The prostate is composed of many elements, including the epithelium, which secretes a component of the seminal fluid, and the stroma, which acts as the supporting scaffolding upon which the rest is built. Each is associated with specific and common illness: The epithelium gives rise to prostate adenocarcinoma and the stroma gives rise to benign enlargement that can cause urinary obstruction.
Mixed in with the other elements are muscle, nerves, and blood vessels, which carry nutrients to the prostate. The blood vessels also carry cells that fight disease, including infectious agents, such as bacteria, and respond to trauma; they also carry medications, such as antibiotics.
The cells that fight disease are interchangeably known as white blood cells, leukocytes, and inflammatory cells. This class of cells is then subdivided into sub-classes, including neutrophils, eosinophils, monocytes, and lymphocytes, each with somewhat separable roles in the response to illness.
In many cases, clinical symptoms are tightly correlated with the presence in organs of inflammatory cells. For example, gingivitis, which can be an intensely painful condition, is associated with a concentration of inflammatory cells in the gums. Accordingly, it was for a long time thought that symptomatic prostatitis is associated with an inflammatory response in the prostate. This is apparently false.
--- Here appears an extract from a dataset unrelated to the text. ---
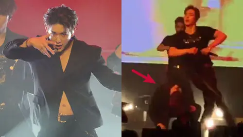 Fellow MONSTA X members approached to WONHO in worry, but WONHO managed to complete the entire performance until he was being escorted out of stage.
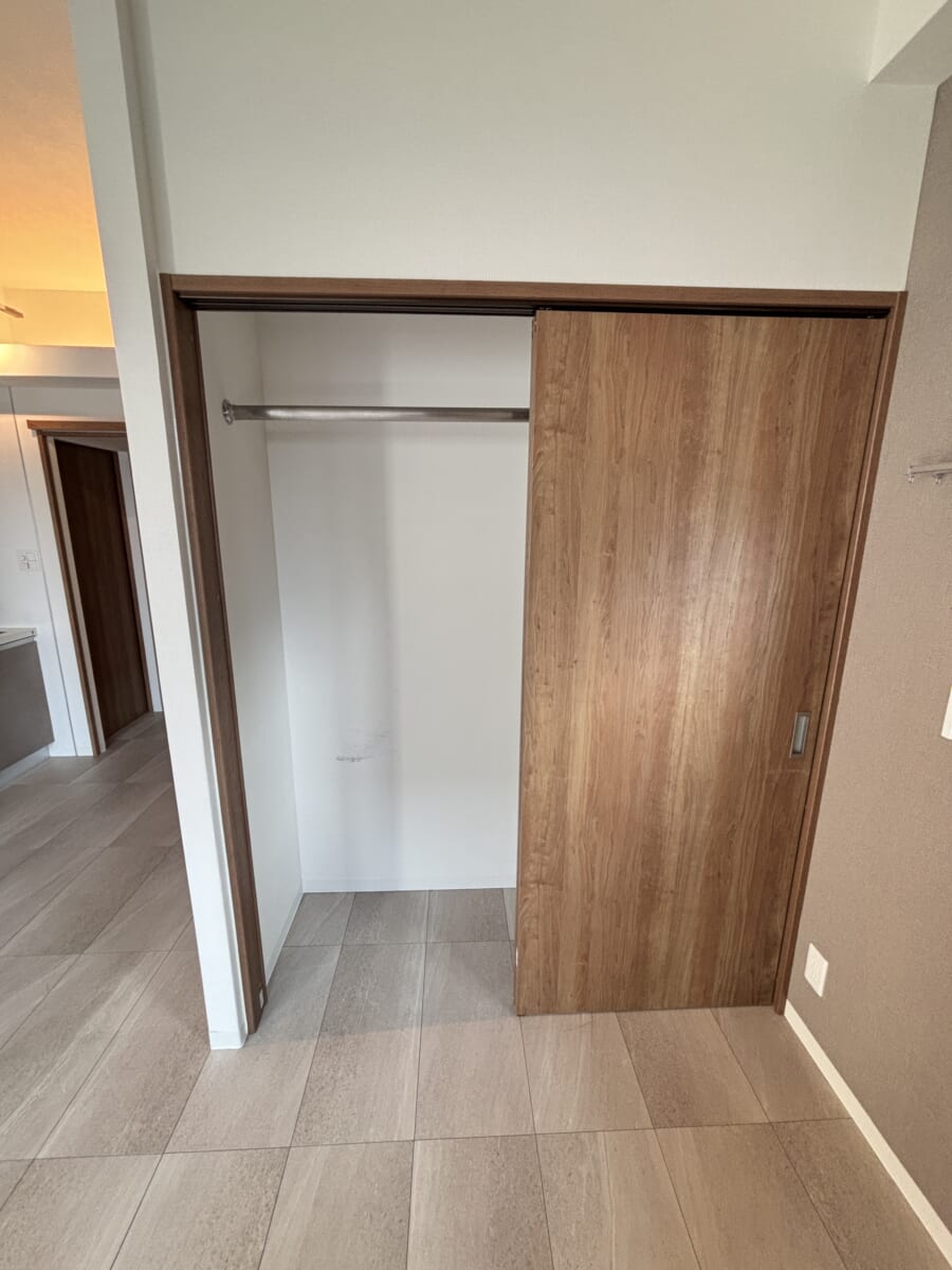 洋室には、天井近くまで高さのある大型のクローゼットが備え付けられています。内部にはハンガーパイプが設置されており、コートやワンピースなどの丈の長い衣類もシワにすることなく、たっぷりと収納可能です。上部の棚スペースは、普段使わない季節物やバッグなどの小物を整理するのに適しています。

The opportunity to examine the relationship of prostate inflammation to clinical symptoms came up in the context of a study about prostate cancer prevention using a 5-alpha reductase inhibitor known as dutasteride. This is because every patient who entered the study had to first have a prostate biopsy, from which pathologists could determine the degree of inflammation (and cancer, which if present disqualified the patient from the cancer prevention trial). These patients then also completed a questionnaire that measured their clinical prostatitis symptoms using the NIH Chronic Prostatitis Symptom Index (CPSI). Overall, the study found no "substantive links" between CPSI and inflammation.